LOADING

Type to search

Remembering Texas Racial History

News

Remembering Texas Racial History

Share

By: Clara McMichael

If one walks around Southwestern, they will see memorialization of Texas’ racial history – from the cannons in front of the Kappa Alpha fraternity house, to the permanent exhibit of Civil War memorabilia on the second floor of the Red and Charlene McCombs Campus Center.

These are local examples of memorials of Confederate history that occur publicly within the Georgetown community, the state of Texas, and nationwide. These memorializations have provoked discussion and protest throughout the United States.

Southwestern University is engaging in these discussions through the Remembering Texas’ Racial History Panel. The event is organized in coordination with the Southwestern University Philosophy Society, the department of Race and Ethnicity Studies (RES), and the Paideia cluster Americas: North by South.

“Nationwide, there have been discussions in the political movements surrounding the racial history of the South and how to memorialize this history,” said Dr. Omar Rivera, chair of the RES minor. “The panel is a convergence of the academic program – RES – and what is going on nationwide.”

There are four panelists that will be discussing the topic: Ann Evans, curator at the Williamson County Museum; Melissa Johnson, Professor of Anthropology at Southwestern; Joseph Hower, Visiting Assistant Professor of History at Southwestern; and Edmund T. Gordon, Chair and Associate Professor of African and African Diaspora Studies at the University of Texas – Austin.

Each panelist will speak about the theme of the panel for ten to fifteen minutes, and then they will discuss the theme together.

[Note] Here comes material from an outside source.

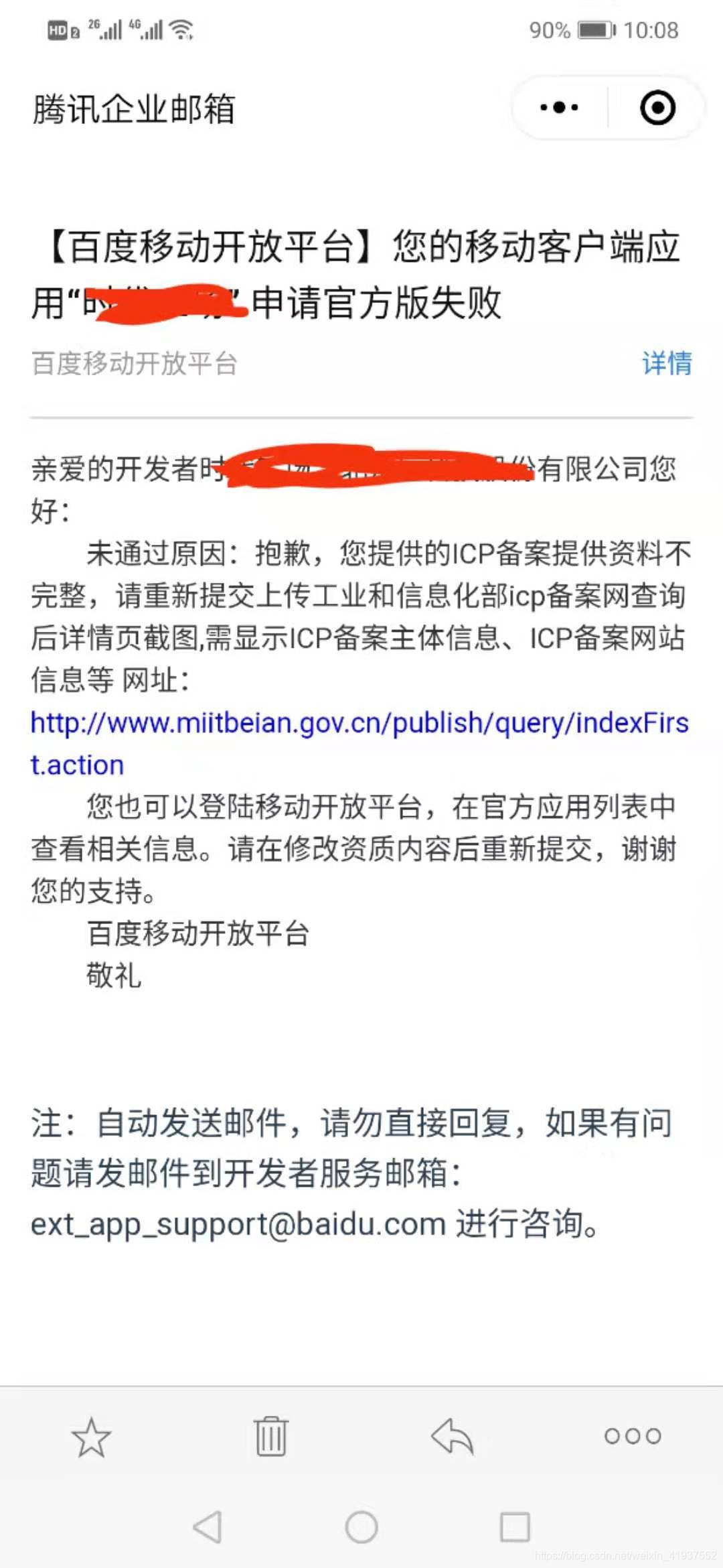 这里需要登录工业和信息化部查询后的ICP备案后的详细页面截图。(其实也可以在备案的平台查询相关信息,我的是在阿里云备案的,所以直接去阿里云比较方便快捷)

“It’s not meant to be confrontational,” said Kenny Knowlton Jr., president of the Southwestern Philosophy Society. “It’s just providing a different perspective on how history should be remembered and the different implications of history.”

The theme of remembering racial history has been prominent within Southwestern. Rivera cited Dr. Brenda Sendejo’s Latina History Project, Dr. Laura Senio Blair’s oral history project in coordination with the Latin American and Border Studies Symposium, and the diversity of the Southwestern student body, faculty members, and speakers that have presented at Southwestern lectures as evidence of the attention to racial history within Southwestern.

The Remembering Texas’ Racial History Panel will be one the ways that Southwestern is acknowledging racial history, and is intended to provoke discussion about how Southwestern’s history is memorialized– or which histories have not been memorialized at the university.

The panel will be held on April 6 from 6:15 P.M. to 8:15 P.M. in the Mood-Bridwell Atrium at Southwestern University.